Windowsでユーザープロファイルがサインアウト時にリセットされる主な原因は、システムがユーザーを「一時プロファイル」でサインインさせているためです。

これは、レジストリ内のユーザープロファイルパスが誤って設定されている、または破損している場合に発生します。特に、ユーザーアカウントを識別するセキュリティ識別子SIDに関連するレジストリエントリに問題があることが多いです。

具体的には、SIDエントリに`.bak`拡張子が付与されている、または同じSIDが重複して存在すると、Windowsは正規のプロファイルを認識できず、一時的なプロファイルを割り当ててしまいます。この一時プロファイルはサインアウト時にすべての設定が失われます。

レジストリの破損とSIDの不整合

ユーザープロファイルの情報は、Windowsレジストリの`HKEY_LOCAL_MACHINE\SOFTWARE\Microsoft\Windows NT\CurrentVersion\ProfileList`キーに格納されています。

このキーの下には、各ユーザーのSIDに対応するサブキーがあり、それぞれのプロファイルパスなどが定義されています。この情報が何らかの原因で破損したり、不整合が生じたりすると、Windowsは正しくユーザープロファイルを読み込めなくなります。

特に、以前のプロファイルの残骸や、アカウントの移行失敗などにより、同じユーザーのSIDが`.bak`拡張子付きと無しで重複して存在する場合に、システムはどちらのプロファイルを使用すべきか判断できず、一時プロファイルをロードしてしまいます。

お探しの解決策が見つからない場合は、こちらの「Windowsトラブル完全解決データベース」で他のエラー原因や解決策をチェックしてみてください。

サインアウトで消えるプロファイル設定を修復する具体的な手順

プロファイル設定がサインアウト時に消えてしまう問題を解決するためには、レジストリエディターを使ってプロファイル情報を修正する必要があります。

レジストリの編集はシステムに大きな影響を与える可能性があるため、必ず事前にシステムの復元ポイントを作成してください。

事前準備: システムの復元ポイントを作成する

レジストリの編集は慎重に行う必要があります。万が一、誤った操作をしてしまった場合に備え、システムを以前の状態に戻せるように復元ポイントを作成しておきましょう。

  1. コントロールパネルを開く
    スタートメニューを右クリックし、「ファイル名を指定して実行」を選択します。名前に「control」と入力してEnterキーを押します。
  2. システムとセキュリティに進む
    コントロールパネルが開いたら、「システムとセキュリティ」をクリックし、次に「システム」をクリックします。
  3. システムの保護を開く
    左側のメニューから「システムの保護」をクリックします。「システムのプロパティ」ダイアログボックスが開きます。
  4. 復元ポイントを作成する
    「システムの保護」タブで「作成」ボタンをクリックします。復元ポイントの名前を任意で入力し、「作成」をクリックして完了します。

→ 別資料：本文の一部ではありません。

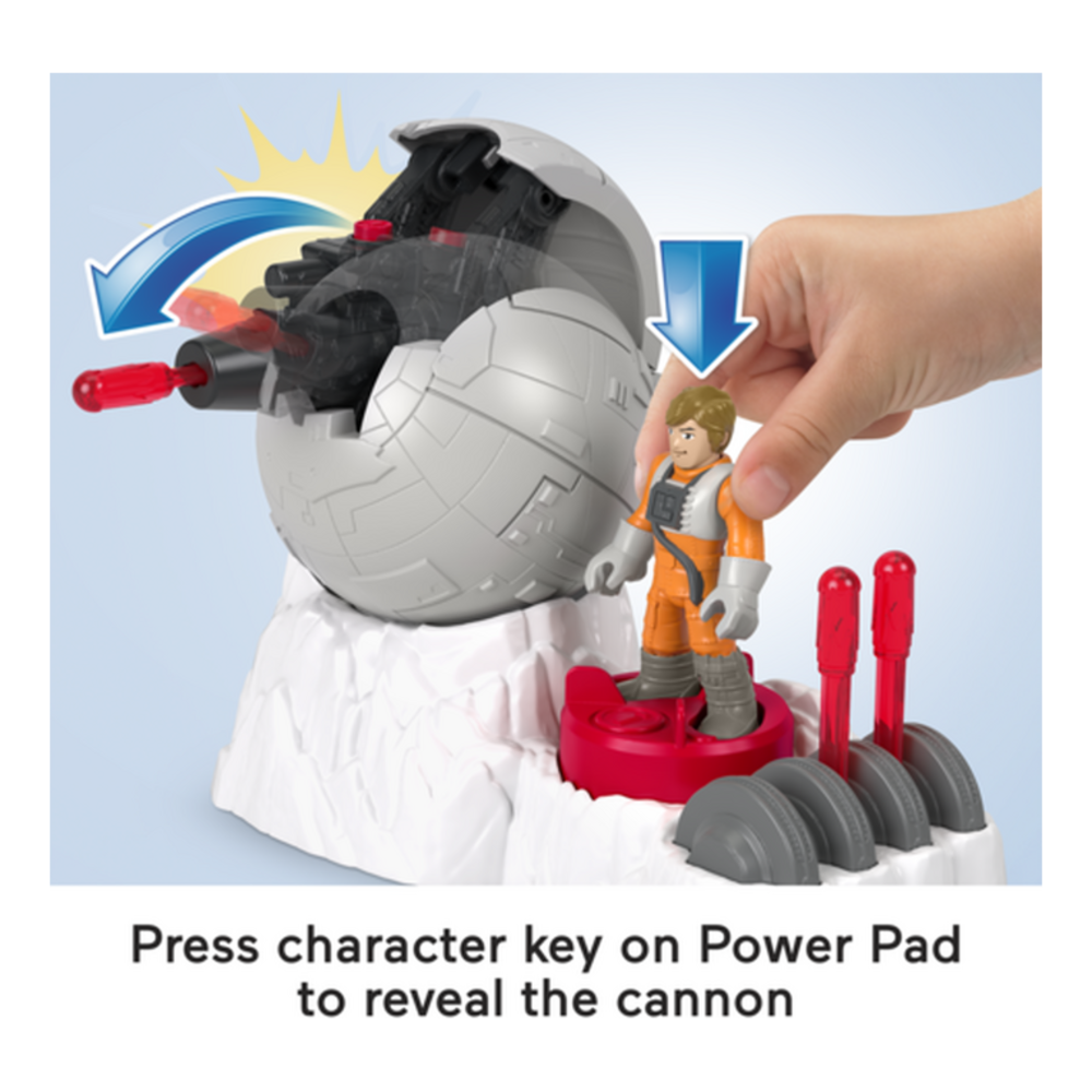 Preschool kids can pretend to join the Rebel Alliance and battle the Galactic Empire with this Imaginext STAR WARS Rebel Base Cannon toy from Fisher-Price. Inspired by the STAR WARS movies, this set includes a projectile launcher, 3 projectiles, and a Luke Skywalker diecast metal character key. Kids can get the play started by pressing the character key on the Power Pad to reveal the hidden toy cannon, then push the button to send projectiles flying. Look for additional Imaginext toys inspired by STAR WARS characters and themes for more preschool-friendly pretend play! (Additional toys sold separately and subject to availability.)

レジストリを編集してユーザープロファイルパスを修正する

ここからは、レジストリエディターを使ってプロファイルパスの不整合を修正する手順です。慎重に進めてください。

  1. レジストリエディターを開く
    スタートメニューを右クリックし、「ファイル名を指定して実行」を選択します。名前に「regedit」と入力してEnterキーを押します。ユーザーアカウント制御のダイアログが表示されたら「はい」をクリックします。
  2. 対象のレジストリキーに移動する
    レジストリエディターのアドレスバーに「HKEY_LOCAL_MACHINE\SOFTWARE\Microsoft\Windows NT\CurrentVersion\ProfileList」と入力し、Enterキーを押します。
  3. SIDエントリを確認する
    ProfileListキーの下に、S-1-5-21で始まる複数のサブキー(SIDエントリ)が表示されます。これらがユーザープロファイルに対応するキーです。
  4. `.bak`拡張子を持つSIDエントリを特定する
    同じSIDが`.bak`拡張子付きと無しで重複して存在するか確認します。例えば、「S-1-5-21-…」と「S-1-5-21-… .bak」のようなペアを探します。
  5. 重複するSIDエントリを削除する
    もし`.bak`なしのSIDエントリと、同じSIDで`.bak`拡張子が付いているエントリが両方存在する場合、まず`.bak`なしのSIDエントリを右クリックし、「削除」を選択します。この操作は、通常、破損したプロファイルの情報が含まれている方を削除する目的で行います。
  6. `.bak`拡張子を削除してSIDを修正する
    次に、`.bak`拡張子が付いているSIDエントリを右クリックし、「名前の変更」を選択します。エントリ名の末尾にある「.bak」を削除し、Enterキーを押して名前を確定します。
  7. レジストリエディターを閉じ、再起動する
    レジストリエディターを閉じます。その後、Windowsを再起動してください。再起動後、正常なプロファイルでサインインできるか確認します。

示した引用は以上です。